I think you may have misunderstood our articles and comments.
Everything you say in your latest comment is what we say on this site. Theosophy talks about and explains Sanchita Karma, Prarabdha Karma, and Agami/Kriyamana/Vartamana Karma. The Theosophical view of Karma is not fatalism at all. It always emphasises that we have power to change, power to choose, and power to shape and fashion our own destiny. In fact, we are doing this every moment, whether we realise it or not, through our every thought, feeling, word, and action. We are setting causes in motion and for every cause there will always be a corresponding correlative effect coming back in due season to the causemaker, i.e. the point of origin, the soul or Ego who first initiated that cause.

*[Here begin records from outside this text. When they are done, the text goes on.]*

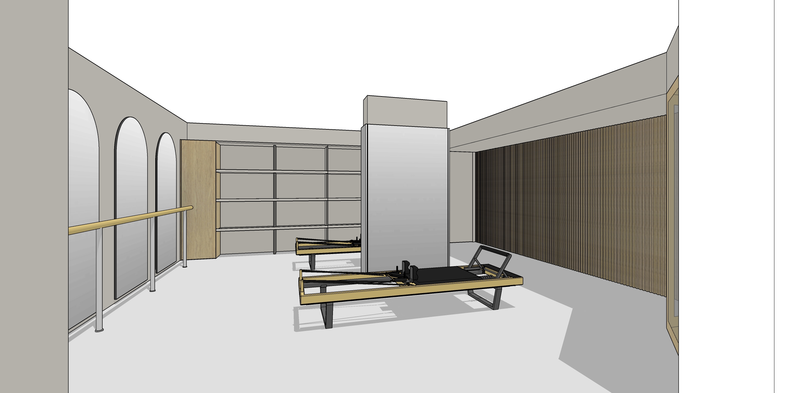 add mirrored cladding only 2 2m high and leave the rest raw as shown add women stretching and also using the pilates machine make the floowing a single colour vinyl grey looking terazzo micro pattern
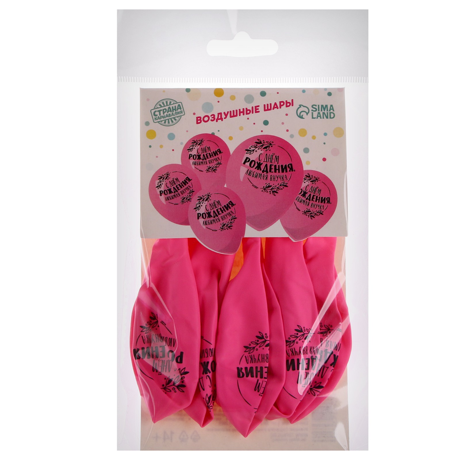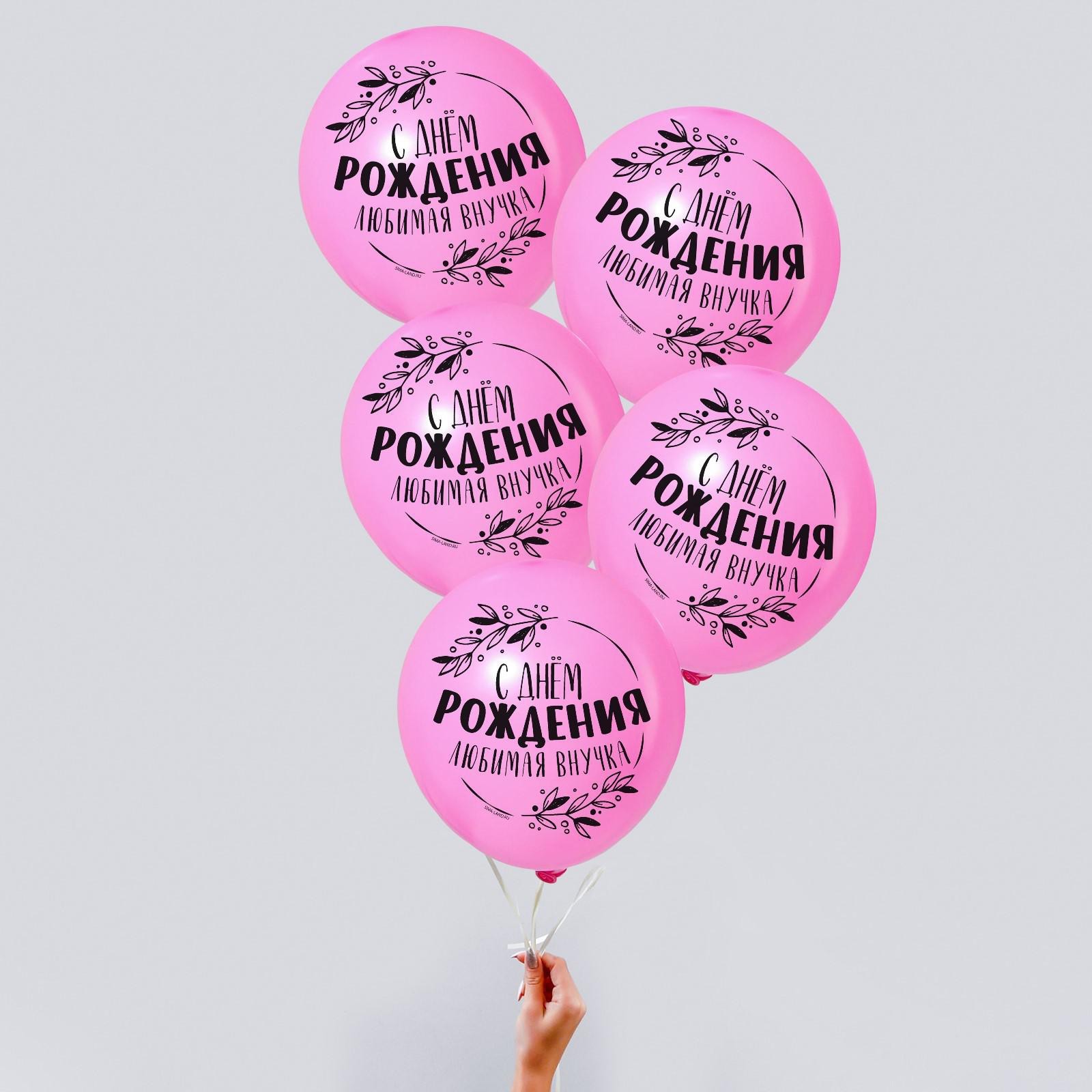 Воздушные шары латексные 12 «с днем рождения, любимая внучка», 5 шт.
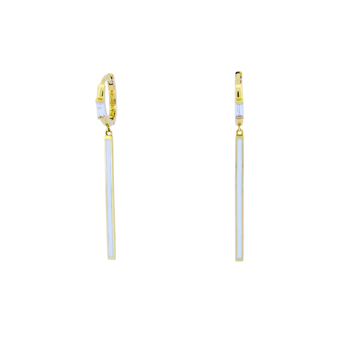 Objavte krásu čistých línií s náušnicami ARIA z kolekcie CREYO. Tieto moderné visiace náušnice z 14-karátového žltého zlata (585/1000) vynikajú minimalistickým dizajnom s jemným bielym detailom, ktorý dodáva šperku ľahkosť a elegantný kontrast.
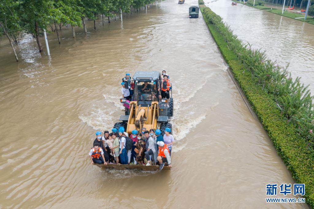 7月22日,在阜外華中心血管病醫(yī)院附近的錦繡路與鄭開大道交叉口,救援人員利用鏟車轉移人員(無人機照片)。
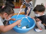 「棒で捕まえたんだよ」とAさん。それを聞いた子どもたちが,たらいの周りに紙を丸めて作った棒を持って集まります。棒の先をはさみにかざして挟ませようとしましたがうまくいきません。今度は,年長組に行き,たこ糸をもらって釣り竿を作りました。
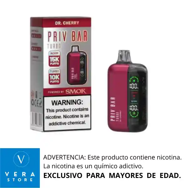 RECOMENDACIÓN IMPORTANTE: El vaporizador no llega con su batería cargada al 100% desde fabrica. Razón por la cual se debe colocar a cargar como mínimo 1 (una) hora de manera continua antes de usarlo, para lograr así un vapeo prolongado. Vaporizador desechable es un dispositivo extraordinario equipado con 16 ml de e-liquid precargado y una batería recargable. Está equipado con una pantalla de visualización que muestra tanto el estado de la batería como el nivel de e-juice. Diseñado para ofrecer aproximadamente 15,000 inhalaciones, Priv Bar Turbo promete una experiencia de vapeo extensa. Aprovecha la tecnología avanzada de SMOK, lo que garantiza una producción de vapor denso y una entrega satisfactoria de nicotina. La comodidad adicional de la pantalla permite a los usuarios monitorear sin esfuerzo tanto los niveles de batería como de e-liquid, mejorando la experiencia general de vapeo. * Modo normal de 15000 bocanadas * Modo 10000 Turbo * 16 ml de capacidad de líquido electrónico * 5% (50 mg) de concentración de nicotina * Hasta 15000 inhalaciones * Batería y E-líquido indican * Batería Recargable * Puerto tipo C (cable no incluido) * 800 mAh Capacidad de la batería
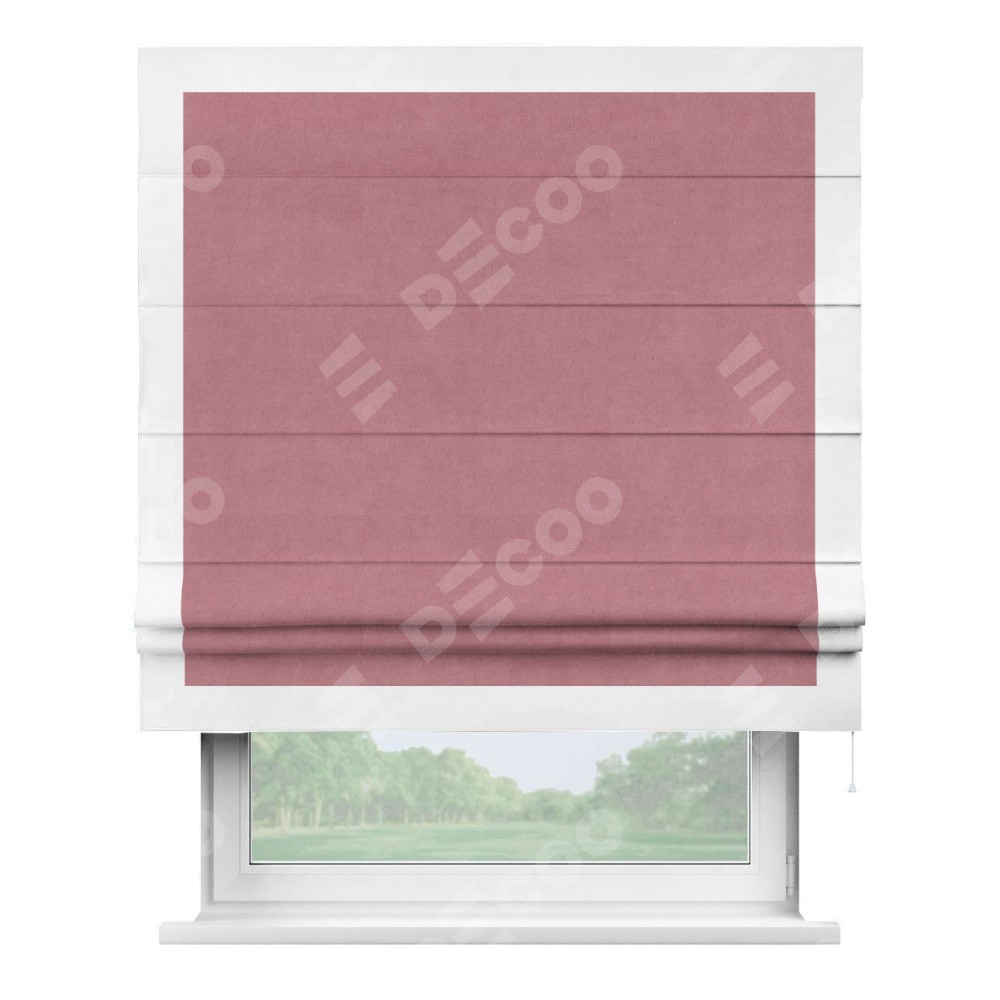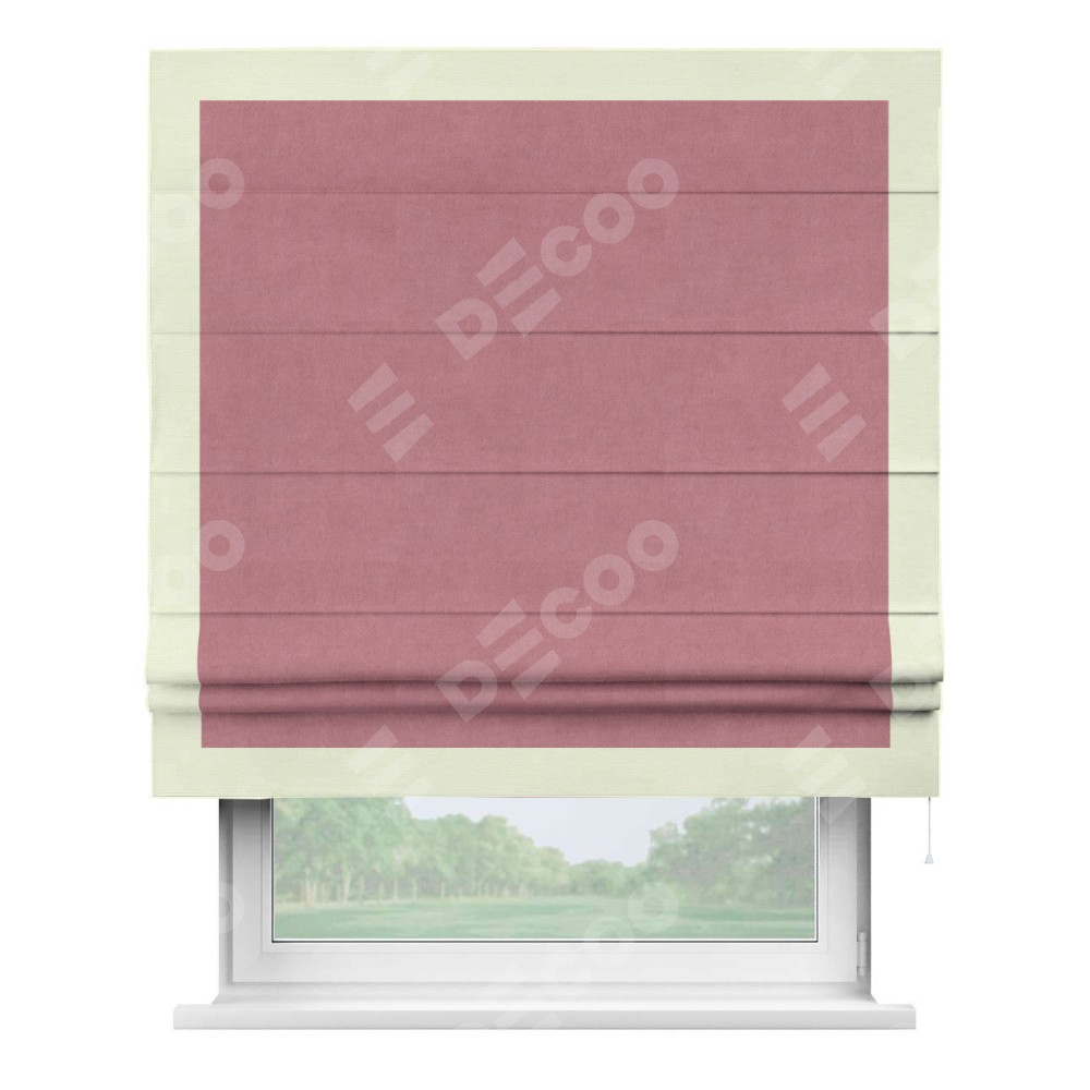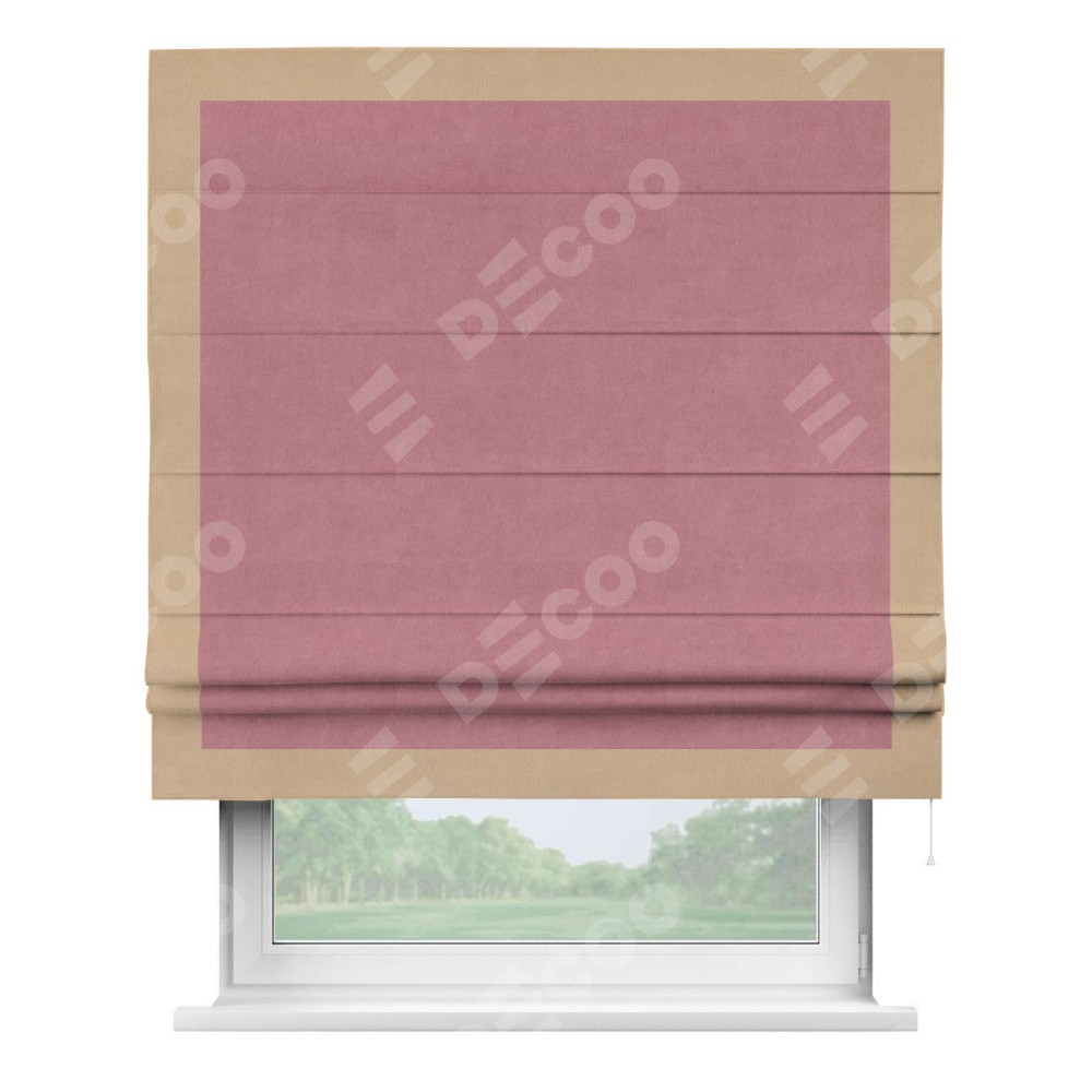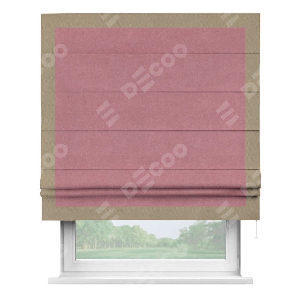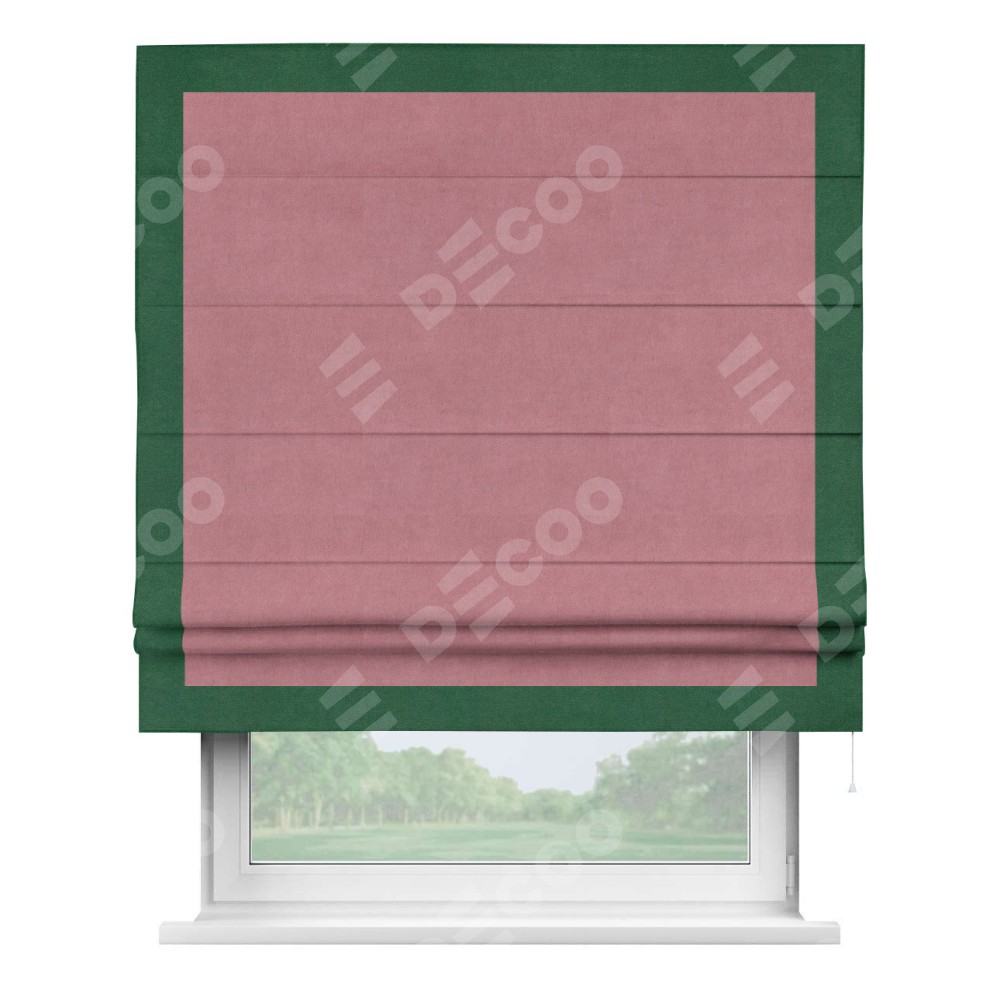 Римская штора «Кортин» с кантом Чесс, для проема, ткань вельвет брусника
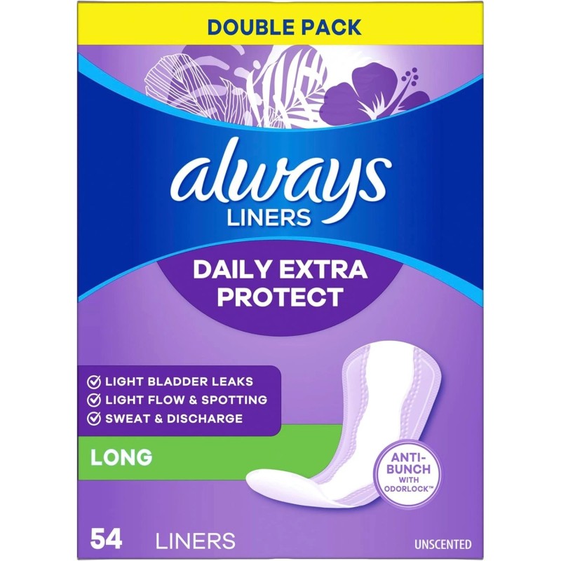 Branded Always Daily Extra Protect Liners, Long Length, Unscented Panty Liners, 108 Coun
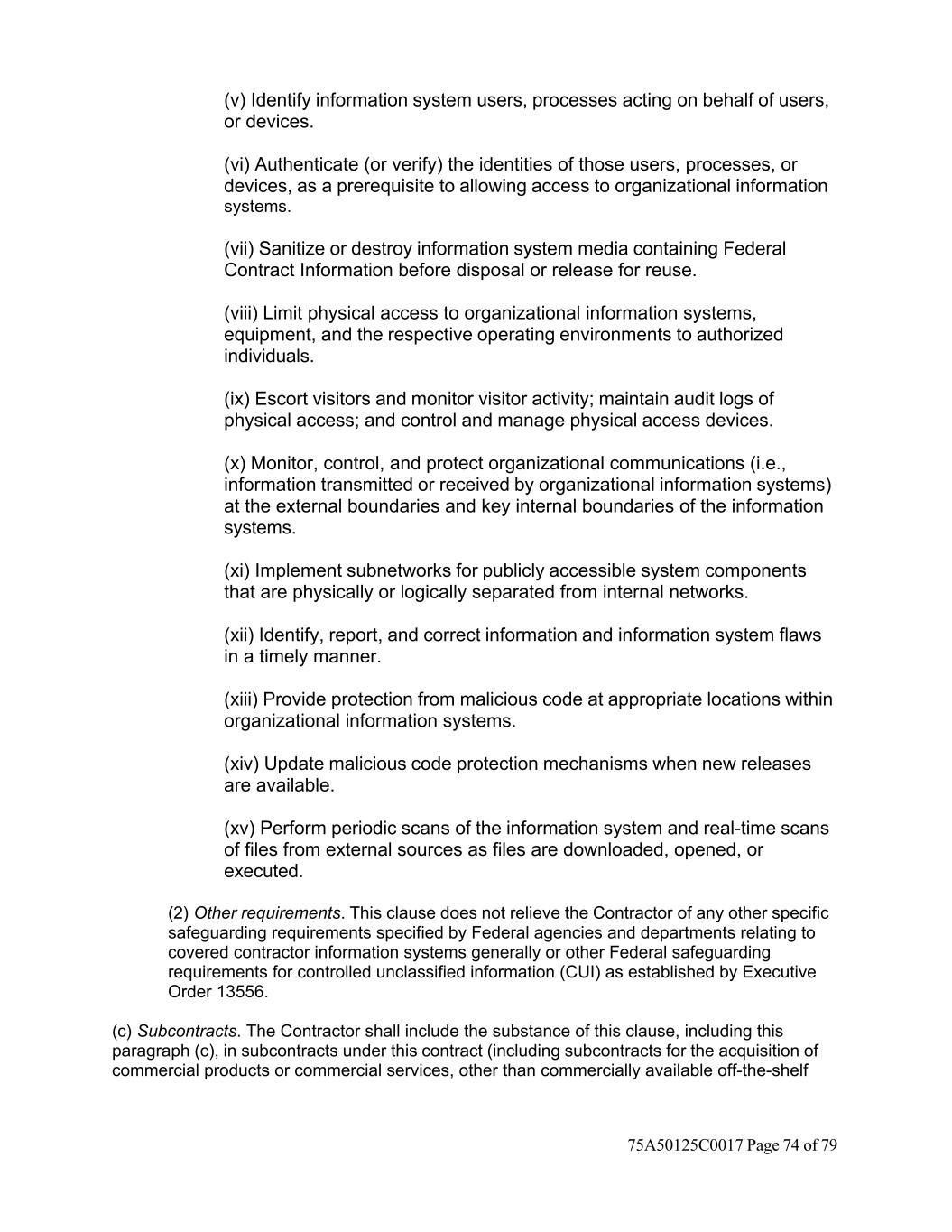 75A50125C0017 Page 74 of 79 (v) Identify information system users, processes acting on behalf of users, or devices. (vi) Authenticate (or verify) the identities of those users, processes, or devices, as a prerequisite to allowing access to organizational information systems. (vii) Sanitize or destroy information system media containing Federal Contract Information before disposal or release for reuse. (viii) Limit physical access to organizational information systems, equipment, and the respective operating environments to authorized individuals. (ix) Escort visitors and monitor visitor activity; maintain audit logs of physical access; and control and manage physical access devices. (x) Monitor, control, and protect organizational communications (i.e., information transmitted or received by organizational information systems) at the external boundaries and key internal boundaries of the information systems. (xi) Implement subnetworks for publicly accessible system components that are physically or logically separated from internal networks. (xii) Identify, report, and correct information and information system flaws in a timely manner. (xiii) Provide protection from malicious code at appropriate locations within organizational information systems. (xiv) Update malicious code protection mechanisms when new releases are available. (xv) Perform periodic scans of the information system and real-time scans of files from external sources as files are downloaded, opened, or executed. (2) Other requirements. This clause does not relieve the Contractor of any other specific safeguarding requirements specified by Federal agencies and departments relating to covered contractor information systems generally or other Federal safeguarding requirements for controlled unclassified information (CUI) as established by Executive Order 13556. (c) Subcontracts. The Contractor shall include the substance of this clause, including this paragraph (c), in subcontracts under this contract (including subcontracts for the acquisition of commercial products or commercial services, other than commercially available off-the-shelf

Free will is a fact and there seems to be no actual disagreement or disharmony between your latest comment and the Theosophical teachings.
Perhaps the apparent confusion will be fully clarified if we explain that in saying that “everything proceeds according to the Law of Karma” we are not using the term “Karma” solely in the sense of PAST or PREVIOUS actions but rather are speaking of Karma as a whole, i.e. past, present, and future actions. Another way of expressing it would be to say that “everything in the Universe is the result of action and reaction.” I’m sure we can agree on this, since it is largely a self-evident fact.
There is never a moment, never a split second of time, when a human being is not both CREATING and EXPERIENCING Karma.
Thank you for explaining. Yeh i guess i misunderstood your article
Yes i am agree with you that “Everything has a reason”..Actually “Karma” is very complicated to understand for each person. so Yes if you say karma as whole, than present action,thoughts also have effect.